**EXERCISE DETAILS:**
From the listing that follows, output everything exactly except the pictures.

**DATASET EXCERPTS:**
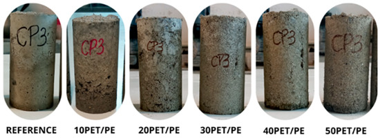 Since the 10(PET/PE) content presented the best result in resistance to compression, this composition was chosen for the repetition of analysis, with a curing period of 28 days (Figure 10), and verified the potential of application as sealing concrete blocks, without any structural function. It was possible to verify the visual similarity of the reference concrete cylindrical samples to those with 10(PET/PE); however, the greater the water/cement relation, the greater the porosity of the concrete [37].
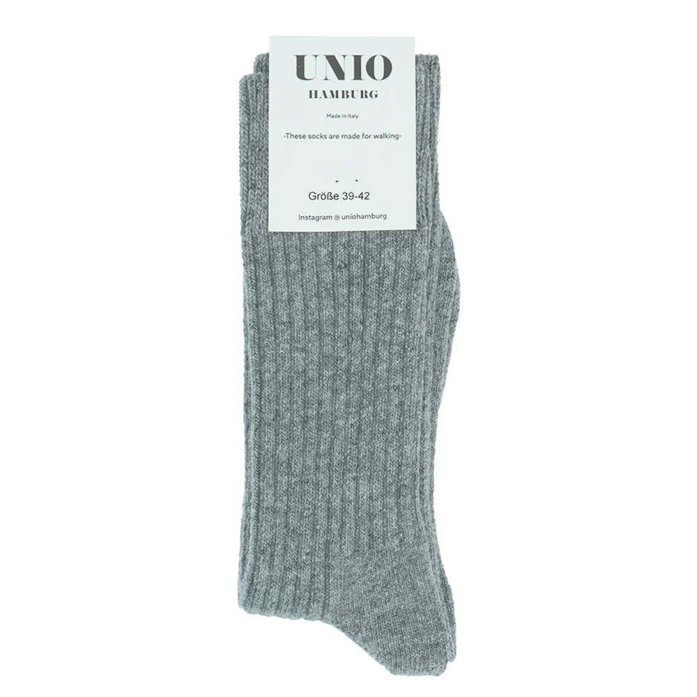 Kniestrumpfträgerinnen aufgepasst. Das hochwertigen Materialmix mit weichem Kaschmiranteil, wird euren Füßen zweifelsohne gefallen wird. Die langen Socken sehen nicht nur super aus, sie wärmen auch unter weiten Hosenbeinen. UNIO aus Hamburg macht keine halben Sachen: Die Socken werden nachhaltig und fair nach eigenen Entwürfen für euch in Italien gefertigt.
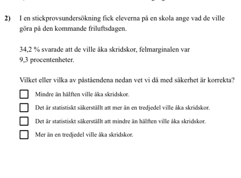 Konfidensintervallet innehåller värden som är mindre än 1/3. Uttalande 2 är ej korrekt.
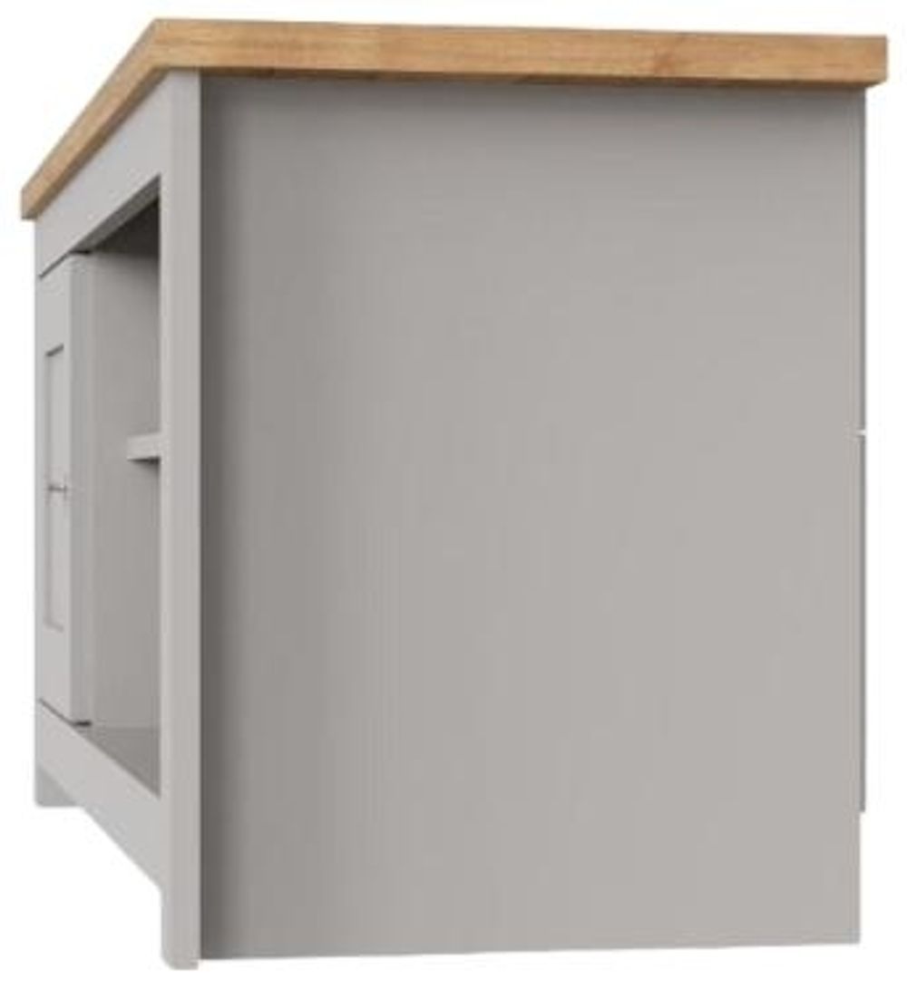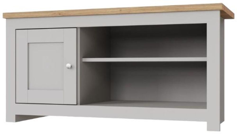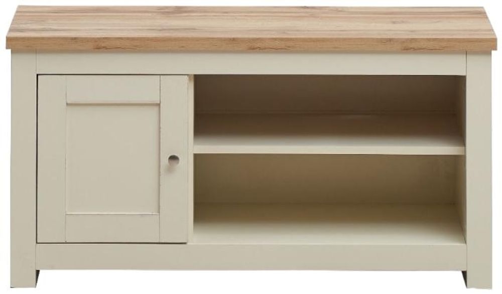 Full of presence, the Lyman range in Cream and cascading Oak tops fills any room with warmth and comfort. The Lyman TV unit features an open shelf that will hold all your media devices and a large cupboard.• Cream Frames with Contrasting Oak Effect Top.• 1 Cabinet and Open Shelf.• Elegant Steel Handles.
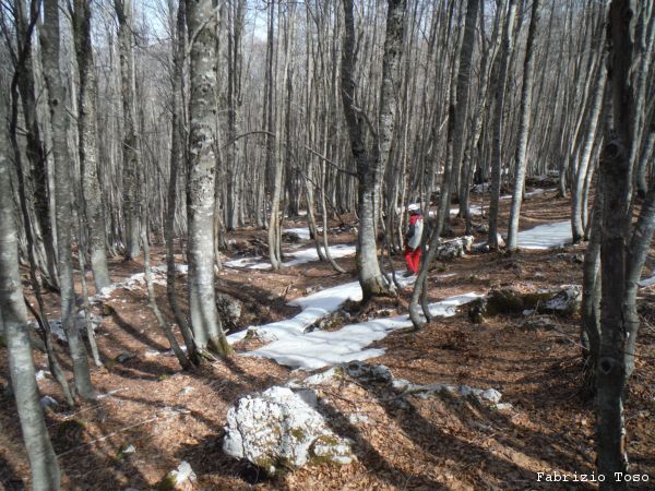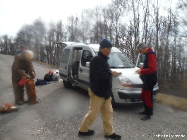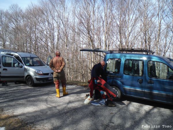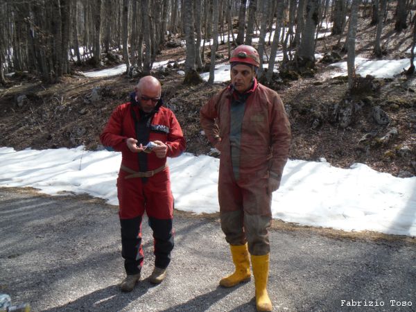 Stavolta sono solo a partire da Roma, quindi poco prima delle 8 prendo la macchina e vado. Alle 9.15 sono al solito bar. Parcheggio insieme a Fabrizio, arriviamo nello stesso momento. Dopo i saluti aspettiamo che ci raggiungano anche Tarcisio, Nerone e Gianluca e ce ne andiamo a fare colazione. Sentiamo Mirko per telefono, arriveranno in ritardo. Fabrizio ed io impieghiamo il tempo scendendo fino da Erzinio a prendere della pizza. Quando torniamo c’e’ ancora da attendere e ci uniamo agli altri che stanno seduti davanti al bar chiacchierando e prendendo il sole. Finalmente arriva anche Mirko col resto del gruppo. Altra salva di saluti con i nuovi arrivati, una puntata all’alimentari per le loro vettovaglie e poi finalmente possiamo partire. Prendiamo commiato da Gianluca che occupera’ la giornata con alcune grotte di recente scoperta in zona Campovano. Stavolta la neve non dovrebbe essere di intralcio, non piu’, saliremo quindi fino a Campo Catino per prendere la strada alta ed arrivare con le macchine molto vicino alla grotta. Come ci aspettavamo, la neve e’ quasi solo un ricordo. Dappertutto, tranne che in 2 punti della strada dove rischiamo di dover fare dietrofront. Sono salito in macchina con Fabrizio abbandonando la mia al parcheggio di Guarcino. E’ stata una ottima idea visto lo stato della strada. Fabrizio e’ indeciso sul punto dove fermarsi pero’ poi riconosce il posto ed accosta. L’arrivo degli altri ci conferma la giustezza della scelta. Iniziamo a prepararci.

**OUTPUT FOR THIS EXERCISE:**
 Since the 10(PET/PE) content presented the best result in resistance to compression, this composition was chosen for the repetition of analysis, with a curing period of 28 days (Figure 10), and verified the potential of application as sealing concrete blocks, without any structural function. It was possible to verify the visual similarity of the reference concrete cylindrical samples to those with 10(PET/PE); however, the greater the water/cement relation, the greater the porosity of the concrete [37].
 Kniestrumpfträgerinnen aufgepasst. Das hochwertigen Materialmix mit weichem Kaschmiranteil, wird euren Füßen zweifelsohne gefallen wird. Die langen Socken sehen nicht nur super aus, sie wärmen auch unter weiten Hosenbeinen. UNIO aus Hamburg macht keine halben Sachen: Die Socken werden nachhaltig und fair nach eigenen Entwürfen für euch in Italien gefertigt.
 Konfidensintervallet innehåller värden som är mindre än 1/3. Uttalande 2 är ej korrekt.
 Full of presence, the Lyman range in Cream and cascading Oak tops fills any room with warmth and comfort. The Lyman TV unit features an open shelf that will hold all your media devices and a large cupboard.• Cream Frames with Contrasting Oak Effect Top.• 1 Cabinet and Open Shelf.• Elegant Steel Handles.
 Stavolta sono solo a partire da Roma, quindi poco prima delle 8 prendo la macchina e vado. Alle 9.15 sono al solito bar. Parcheggio insieme a Fabrizio, arriviamo nello stesso momento. Dopo i saluti aspettiamo che ci raggiungano anche Tarcisio, Nerone e Gianluca e ce ne andiamo a fare colazione. Sentiamo Mirko per telefono, arriveranno in ritardo. Fabrizio ed io impieghiamo il tempo scendendo fino da Erzinio a prendere della pizza. Quando torniamo c’e’ ancora da attendere e ci uniamo agli altri che stanno seduti davanti al bar chiacchierando e prendendo il sole. Finalmente arriva anche Mirko col resto del gruppo. Altra salva di saluti con i nuovi arrivati, una puntata all’alimentari per le loro vettovaglie e poi finalmente possiamo partire. Prendiamo commiato da Gianluca che occupera’ la giornata con alcune grotte di recente scoperta in zona Campovano. Stavolta la neve non dovrebbe essere di intralcio, non piu’, saliremo quindi fino a Campo Catino per prendere la strada alta ed arrivare con le macchine molto vicino alla grotta. Come ci aspettavamo, la neve e’ quasi solo un ricordo. Dappertutto, tranne che in 2 punti della strada dove rischiamo di dover fare dietrofront. Sono salito in macchina con Fabrizio abbandonando la mia al parcheggio di Guarcino. E’ stata una ottima idea visto lo stato della strada. Fabrizio e’ indeciso sul punto dove fermarsi pero’ poi riconosce il posto ed accosta. L’arrivo degli altri ci conferma la giustezza della scelta. Iniziamo a prepararci.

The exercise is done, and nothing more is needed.